I just realized there's a nice little advantage to the "inverted"
representation - it detects missing initialization even in optimized builds.


> How much of this would we change across platforms, and how much
> would be x86-only?  I think there are enough people developing on
> ARM (e.g. Mac) now to make it worth covering that, but maybe we
> don't care so much about anything else.

Not sure. Right now I've only hacked up x86-64 (not even touching i386), but
it shouldn't be hard to change at least some additional platforms.

My current prototype requires S_UNLOCK, S_LOCK_FREE, S_INIT_LOCK to be
implemented for x86-64 instead of using the "generic" implementation. That'd
be mildly annoying duplication if we did so for a few more platforms.


It'd be more palatable to just change all platforms if we made more of them
use __sync_lock_test_and_set (or some other intrinsic(s))...

Greetings,

Andres Freund

[1] https://postgr.es/m/2812376.1722275765%40sss.pgh.pa.us
>From 06bd992f4be2f46586bfc7bab3135b3a2ca84e72 Mon Sep 17 00:00:00 2001
From: Andres Freund <and...@anarazel.de>
Date: Mon, 29 Jul 2024 09:48:26 -0700
Subject: [PATCH v2 1/2] Detect unlocking an unlocked spinlock

Author:
Reviewed-by:
Discussion: https://postgr.es/m/20240729164026.yurg37tej34o7...@awork3.anarazel.de
Backpatch:
---
 src/include/storage/spin.h | 17 ++++++++++++++++-
 1 file changed, 16 insertions(+), 1 deletion(-)

diff --git a/src/include/storage/spin.h b/src/include/storage/spin.h
index c0679c59992..7ec32cd816a 100644
--- a/src/include/storage/spin.h
+++ b/src/include/storage/spin.h
@@ -61,7 +61,22 @@
 
 #define SpinLockAcquire(lock) S_LOCK(lock)
 
-#define SpinLockRelease(lock) S_UNLOCK(lock)
+static inline void
+SpinLockRelease(volatile slock_t *lock)
+{
+	/*
+	 * Check that this backend actually held the spinlock.

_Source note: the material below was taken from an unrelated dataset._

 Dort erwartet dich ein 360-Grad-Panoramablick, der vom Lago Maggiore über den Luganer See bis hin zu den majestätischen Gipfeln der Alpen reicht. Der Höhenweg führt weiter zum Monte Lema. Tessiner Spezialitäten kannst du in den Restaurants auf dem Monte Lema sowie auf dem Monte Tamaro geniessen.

Implemented as a
+	 * static inline to avoid multiple-evaluation hazards.
+	 *
+	 * Can't assert when using the semaphore fallback implementation - it
+	 * doesn't implement S_LOCK_FREE() - but the fallback triggers failures in
+	 * the case of double-release on its own.
+	 */
+#ifdef HAVE_SPINLOCKS
+	Assert(!S_LOCK_FREE(lock));
+#endif
+	S_UNLOCK(lock);
+}
 
 #define SpinLockFree(lock)	S_LOCK_FREE(lock)
 
-- 
2.45.2.746.g06e570c0df.dirty

>From 574d02d3d4d7f38b764ca6a2e4d2617a417ab8a8 Mon Sep 17 00:00:00 2001
From: Andres Freund <and...@anarazel.de>
Date: Mon, 29 Jul 2024 10:55:11 -0700
Subject: [PATCH v2 2/2] Detect many uses of uninitialized spinlocks on x86-64

On most platforms we use 0 for a unlocked spinlock and 1 for a locked one. As
we often place spinlocks in zero-initialized memory, missing calls to
SpinLockInit() aren't noticed.

To address that, swap the meaning of the spinlock state and use 1 for unlocked
and 0 for locked. That way using an uninitialized spinlock blocks the first
time a lock is acquired. A dedicated state for initialized locks would allow
for a nicer assertion, but ends up with slightly less dense code (a three byte
cmp with an immediate, instead of a 2 byte test).

To make the swapped meaning of the slock_t state easier to understand when
debugging, change the slock_t to be a struct on x86-64, with an "is_free"
member.

Author:
Reviewed-by:
Discussion: https://postgr.es/m/20240729164026.yurg37tej34o7...@awork3.anarazel.de
Backpatch:
---
 src/include/storage/s_lock.h | 26 +++++++++++++++++++++-----
 1 file changed, 21 insertions(+), 5 deletions(-)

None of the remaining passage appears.